Launched in 2007, the hedge fund turned its focus to newspapers during the Great Recession, buying stakes in companies that had declared bankruptcy such as MediaNews, Philadelphia Media Network and Journal Register.
In July, Tribune Publishing added Smith to the newspaper company’s board, while extending an ownership standstill agreement until June 2021. While the agreement ostensibly prevented a hostile takeover, it did not preclude Alden from making a tender offer to buy Tribune Publishing — with board approval.
Alden has three of seven seats on the Tribune Publishing board. It called for a special committee of independent directors to review the proposal, according to Thursday’s SEC filing.
In addition to board approval, Alden would need two-thirds of Tribune Publishing’s other shareholders to sign off on the deal, according to the filing. Much of that stake is held by two shareholders.
Los Angeles Times owner Patrick Soon-Shiong, Tribune Publishing’s second-largest shareholder with a 24% stake of the company, did not respond to a request for comment.
Mason Slaine, the third-largest shareholder with a 7.9% stake, said in an email Thursday that Alden’s $14.25 per share offer “seems low” given the company’s strong cash position.
Tribune Publishing had $90 million in cash at the end of September, according to its third-quarter financial filings.
The Evening Sun
On Thursday, Tribune Publishing announced it had closed the sale of the BestReviews ecommerce website to TV station owner Nexstar Media Group for $160 million, further bolstering its cash position.

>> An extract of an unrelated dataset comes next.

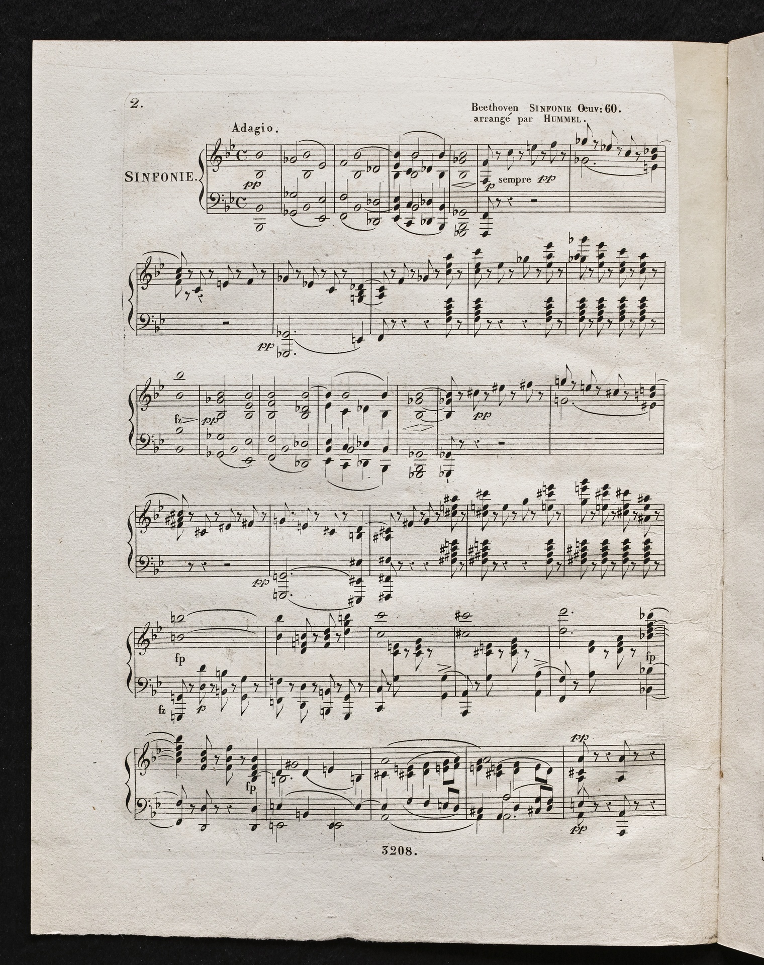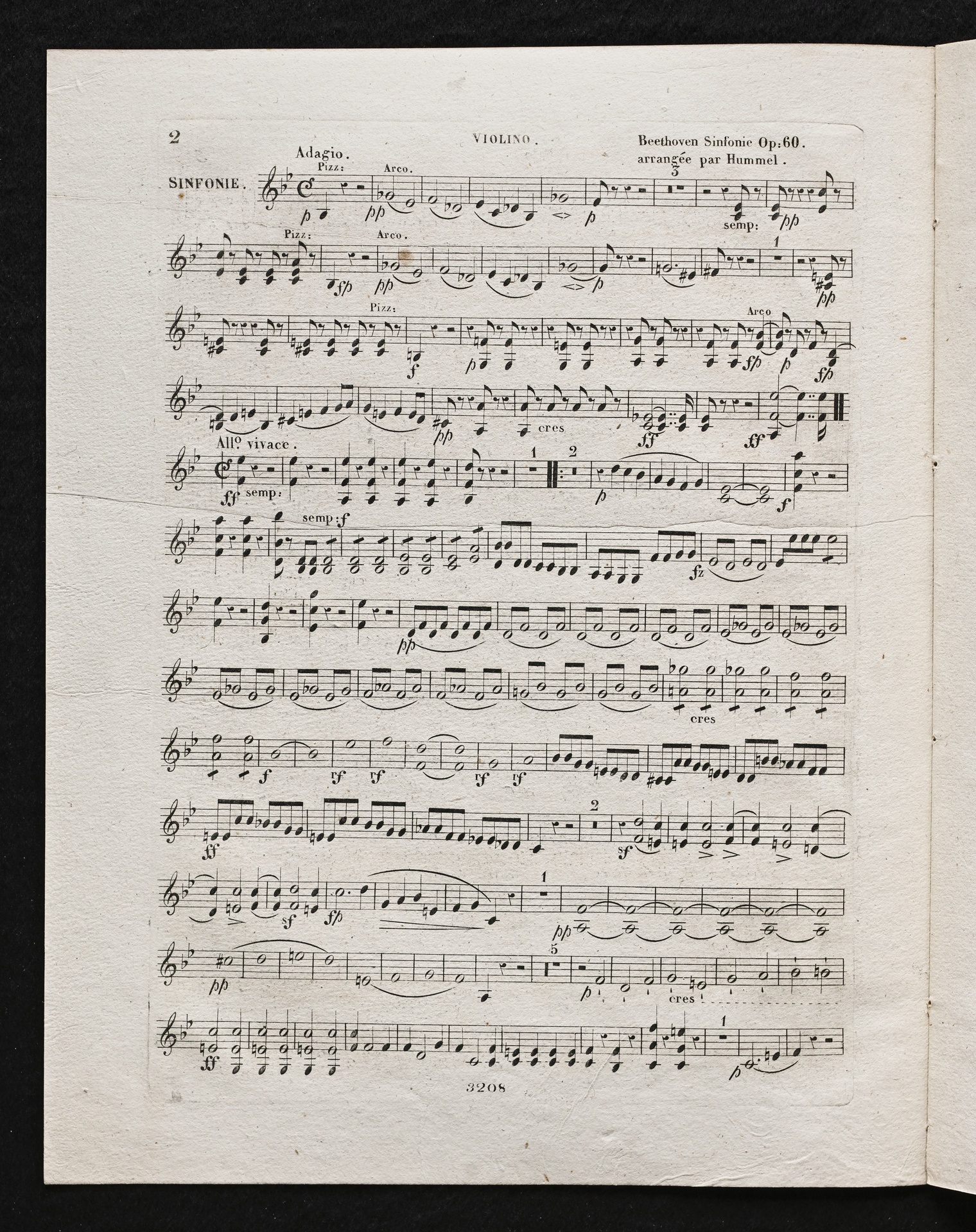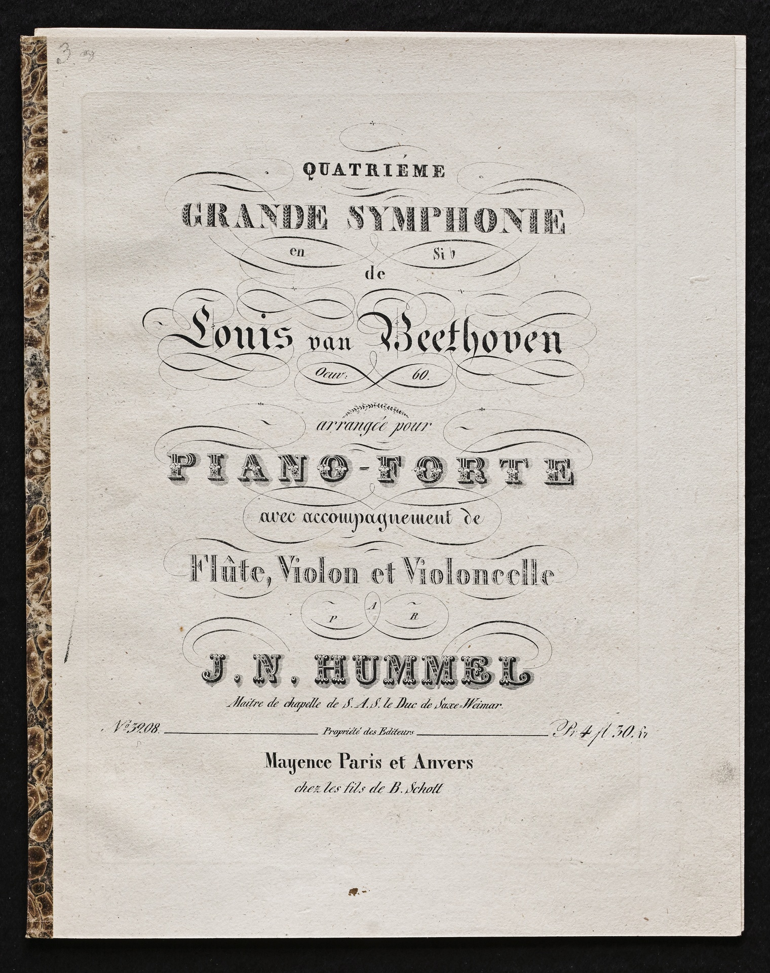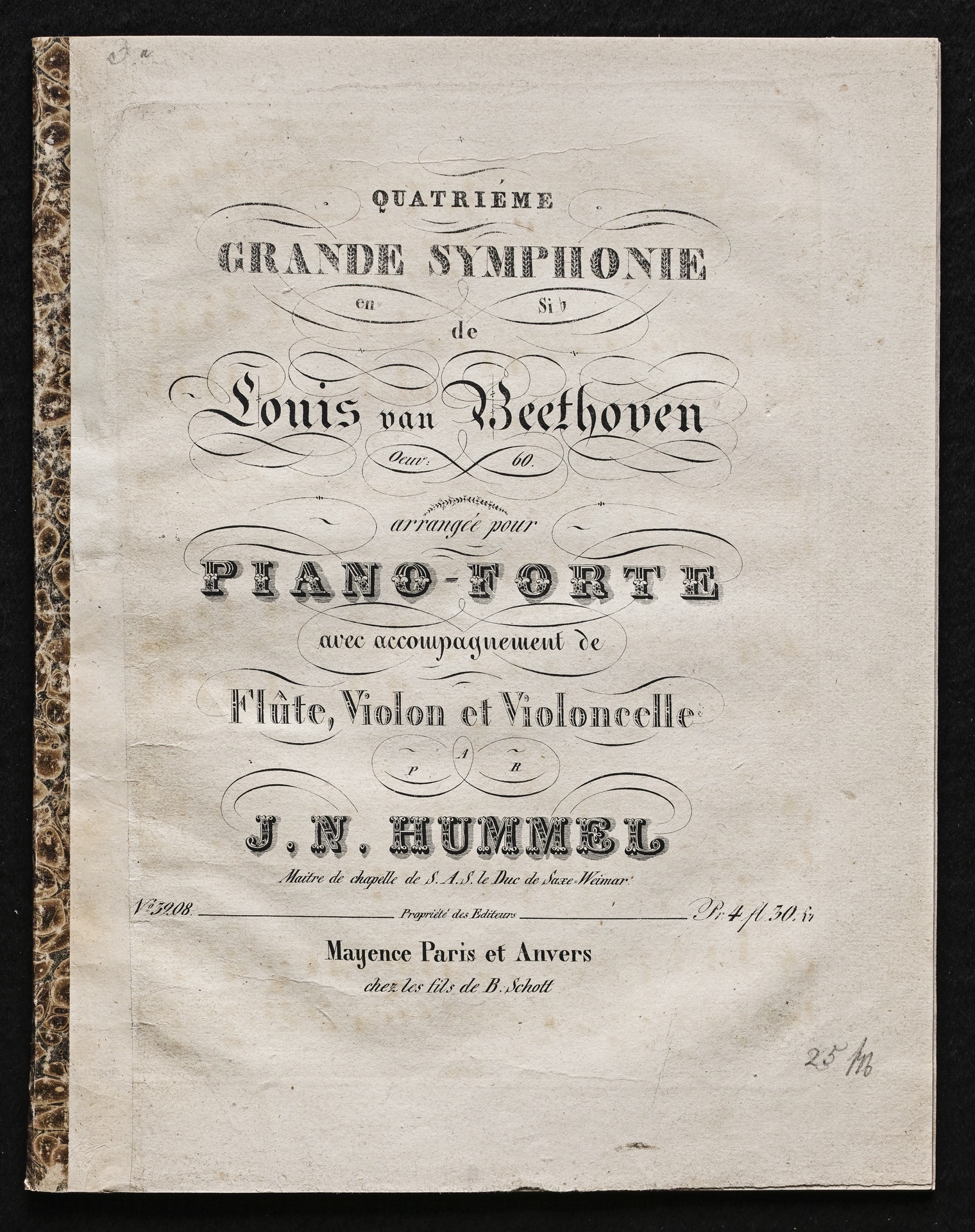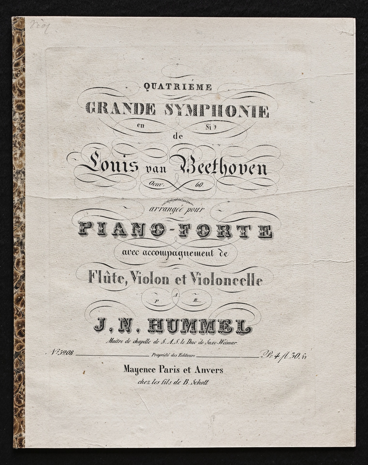 Ludwig van Beethoven, Sinfonie Nr. 4 (B-Dur) op. 60, Bearbeitung für Flöte, Violine, Violoncello, Klavier von Johann Nepomuk Hummel, Stimmen, Schott, 3208

Tribune Publishing owned 60% of BestReviews and its founder, BR Holding, held 40%. Under the terms of the deal, Tribune Publishing will receive $96 million, less transaction fees and a working capital adjustment.
The company also released updated financial guidance Thursday for 2021, projecting $675 million to $690 million in revenue, with adjusted earnings of $105 million to $113 million. For 2020, Tribune Publishing expects to generate about $746 million in revenue, with adjusted earnings of about $73 million.
In his letter to Tribune’s board, Alden’s Smith asks Tribune’s independent directors to clarify aspects of the ownership standstill agreement reached in July before Alden would pursue further discussions with Bainum “to determine if a potential joint transaction is even possible or desirable.”
Smith said Alden had a brief conversation with Bainum Dec. 11. He also noted Bainum had previously been in touch with board members about his interest in some properties.
Bainum has been chairman since 1997 of Choice Hotels, founded by his late father Stewart Bainum Sr., overseeing its growth from a franchisor of 339 U.S. hotels under one brand to one of the largest hotel companies in the world with more than 6,900 properties.
He served as chairman and CEO of Manor Care from 1987 to 1998, when it merged with Health Care and Retirement Corp. A former Maryland state delegate and senator from 1979 to 1987, Bainum ran unsuccessfully for governor in the 1994 Democratic primary. He served as a delegate to the Democratic Conventions in 1984, 1992 and 2008.